Illinois law did not govern this dispute, however. As noted above, the purported ambiguity upon which OX now relies required the application of the FAA and thus of federal law. Federal precedent means this Court must "uphold an arbitral award unless "`there is no possible interpretive route to [it], so a non-contractual basis can be inferred.'" Prostyakov, 513 F.3d at 723 (quoting Cuna Mut. Ins. Soc'y, 443 F.3d at 562). The fervor with which both OX and Hale have suggested possible interpretations of the Award in their briefs on this motion for sanctions, and OX's failure to argue that the Award was not grounded in its contract with Hale, mandated that the award be upheld.
CONCLUSION
This Court does not impose sanctions on OX for failing to cite to Seventh Circuit precedents, in light of its claim that Illinois law governed this case. See Thompson, 940 F.2d at 198 ("While the omission of a citation of controlling authority would make an argument frivolous and therefore sanctionable, the omission of a citation that arguably does not control, while imprudent and unprofessional, is not, standing alone, a basis for sanctions."). However, this Court will impose sanctions as a result of OX's meritless and untimely (both legally and factually, given OX's failure to serve Hale with anything resembling promptness) challenge to Hale's fairly entered arbitration award. This challenge forced Hale to defend her award in a forum far from home and to wait an appalling length of time in order to reap the rewards of the arbitration to which OX required her submission. Arbitration is designed to ensure the timely and final resolution of disputes, and the Seventh Circuit has made it clear that courts of this Circuit are encouraged to sanction lawyers who attempt to undermine the goals of the arbitration system through meritless challenges. See Dreis Krump Mfg.
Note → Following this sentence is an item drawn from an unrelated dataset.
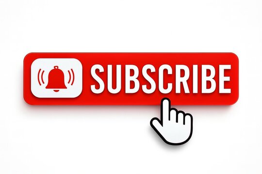 Red subscribe button with notification bell icon and cursor hand pointer on a white background

Co., 802 F.2d at 254-55 ("[W]e indicated that we would award attorney's fees against parties that challenge arbitration awards without basis and we noted that attorney's fees had in the past been awarded more freely in such cases than in other cases of groundless litigation.").
For the reasons stated, Hale's Motion For Sanctions is granted. OX is ordered to pay Hale's reasonable attorney fees and costs in defending against its Amended Application to Vacate Arbitration Award and in bringing this Motions for Sanctions.